17 Maar als jullie vasten, was dan je gezicht en wrijf je hoofd in met olie,
18 zodat niemand ziet dat je aan het vasten bent, alleen je Vader, die in het verborgene is. En jullie Vader, die in het verborgene ziet, zal je ervoor belonen.

Mt 7, 7-11
7. Vraag en er zal je gegeven worden, zoek en je zult vinden, klop en er zal voor je worden opengedaan. 8 Want ieder die vraagt ontvangt, en wie zoekt vindt, en voor wie klopt zal worden opengedaan. 9 Is er iemand onder jullie die zijn kind, als het om een brood vraagt, een steen zou geven? 10 Of een slang, als het om een vis vraagt? 11 Als jullie dus, ook al zijn jullie slecht, je kinderen al goede gaven schenken, hoeveel te meer zal jullie Vader in de hemel dan het goede geven aan wie hem daarom vragen.

Mat 14,23
Toen hij hen weggestuurd had, ging hij de berg op om er in afzondering te bidden. De nacht viel, en hij was daar helemaal alleen.  

Mat 19,13
Daarop brachten de mensen kinderen bij hem, ze wilden dat hij hun de handen zou opleggen en zou bidden. 

Mat 26,36
Vervolgens ging Jezus met zijn leerlingen naar een olijfgaard die Getsemane genoemd werd.

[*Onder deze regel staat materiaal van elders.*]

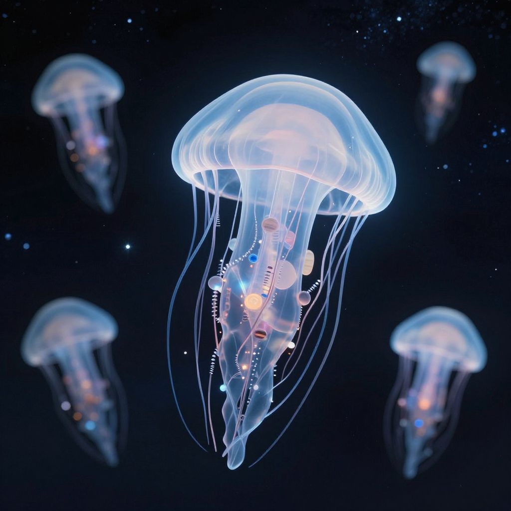 Serenity floats in the cosmos as cities cradle atop ethereal jellyfish, their translucent forms drifting through a starlit expanse, embodying the delicate balance between human ingenuity and the infinite mystery of the universe.

Hij zei: ‘Blijven jullie hier zitten, ik ga daar bidden.’ 

Marc 1,35
Vroeg in de ochtend, toen het nog helemaal donker was, stond hij op, ging naar buiten en liep naar een eenzame plek om daar te bidden. 

Marc 6,46
Nadat hij afscheid van de mensen had genomen, ging hij de berg op om er te bidden. 

Marc 11,25
Wanneer je staat te bidden en je hebt een ander iets te verwijten, vergeef hem dan, opdat ook jullie Vader in de hemel jullie je misstappen vergeeft.’ 

Luc 3,21
Heel het volk liet zich dopen, en toen ook Jezus was gedoopt en hij aan het bidden was, werd de hemel geopend 

 
Luc 5,16
Hijzelf trok zich geregeld terug op eenzame plaatsen om er te bidden. 

 Luc 6,12
Op een van die dagen trok Jezus zich terug op de berg om te bidden. De hele nacht bleef hij tot God bidden. 

 Luc 9,29
Terwijl hij aan het bidden was, veranderde de aanblik van zijn gezicht en werd zijn kleding stralend wit. 

Luc 11,1
Eens was Jezus aan het bidden, en toen hij zijn gebed beëindigd had, zei een van zijn leerlingen tegen hem: ‘Heer, leer ons bidden, zoals ook Johannes het zijn leerlingen geleerd heeft.’ 

Luc 22,41
En hij liep bij hen weg, tot ongeveer een steenworp ver, en knielde daarna neer om te bidden.

 Luc 22,44
Hij werd overvallen door doodsangst, maar bleef bidden; zijn zweet viel in grote druppels als bloed op de grond.